» PROMPT: Your answer must be the exact lines from the one with "人民网北京5月13日电(欧兴" to the end of the data, both included, with no pictures.

» PROVIDED ENTRIES:
---------------

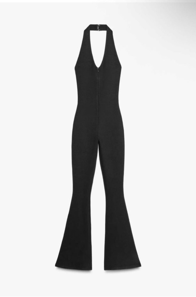 V yakalı ve askılı kollu, siyah ve ince dokuma sentetik kumaştan yapılmış, regular kesim uzun tulum. Esnek kumaştır.
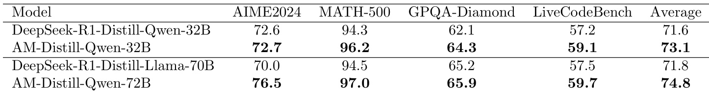 The authors use the AM-Distill-Qwen-32B model, trained on their AM-DeepSeek-R1-Distilled-1.4M dataset, to achieve improved performance over DeepSeek-R1-Distill-Qwen-32B across all benchmarks, with accuracy increases from 71.6% to 73.1% on average. Results show that the AM-Distill-Qwen-72B model further improves performance, achieving an average accuracy of 74.8%, outperforming DeepSeek-R1-Distill-Llama-70B on all evaluated tasks.
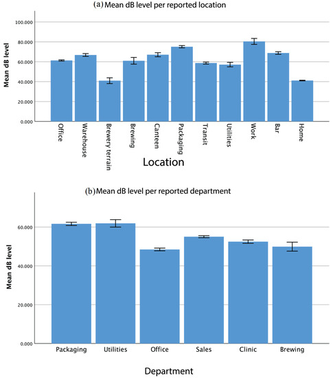 Mean dB levels measured per reported location (a) and per reported department (b); error bars represent the 95% confidence interval.
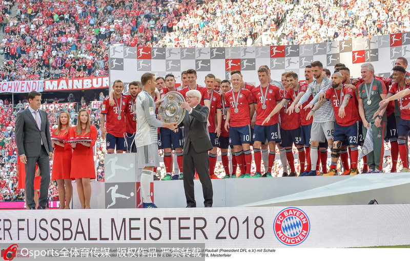 人民网北京5月13日电(欧兴荣)虽然在最后一轮主场1-4不敌斯图加特,但拜仁还是以27胜3平4负的成绩获得德甲六连冠,领先第二名的沙尔克04达到21分。莱万多夫斯基本赛季为拜仁打进了29个联赛进球,是排在射手榜第二名彼得森进球数的近两倍,莱万也第三次夺得德甲小钢炮,成为德甲第一位三夺小钢炮的外籍球员。在北京时间今晨与斯图加特的赛后,拜仁举行盛大的夺冠颁奖仪式,彩带、伯尼熊、啤酒、笑容一个都不能少!
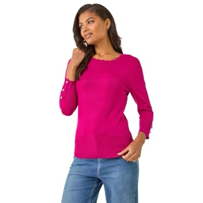Roman Womens Diamante Button Scallop Edge Jumper Fuchsia Size 18 UK

---------------

» WRITTEN ANSWER:
 人民网北京5月13日电(欧兴荣)虽然在最后一轮主场1-4不敌斯图加特,但拜仁还是以27胜3平4负的成绩获得德甲六连冠,领先第二名的沙尔克04达到21分。莱万多夫斯基本赛季为拜仁打进了29个联赛进球,是排在射手榜第二名彼得森进球数的近两倍,莱万也第三次夺得德甲小钢炮,成为德甲第一位三夺小钢炮的外籍球员。在北京时间今晨与斯图加特的赛后,拜仁举行盛大的夺冠颁奖仪式,彩带、伯尼熊、啤酒、笑容一个都不能少!
Roman Womens Diamante Button Scallop Edge Jumper Fuchsia Size 18 UK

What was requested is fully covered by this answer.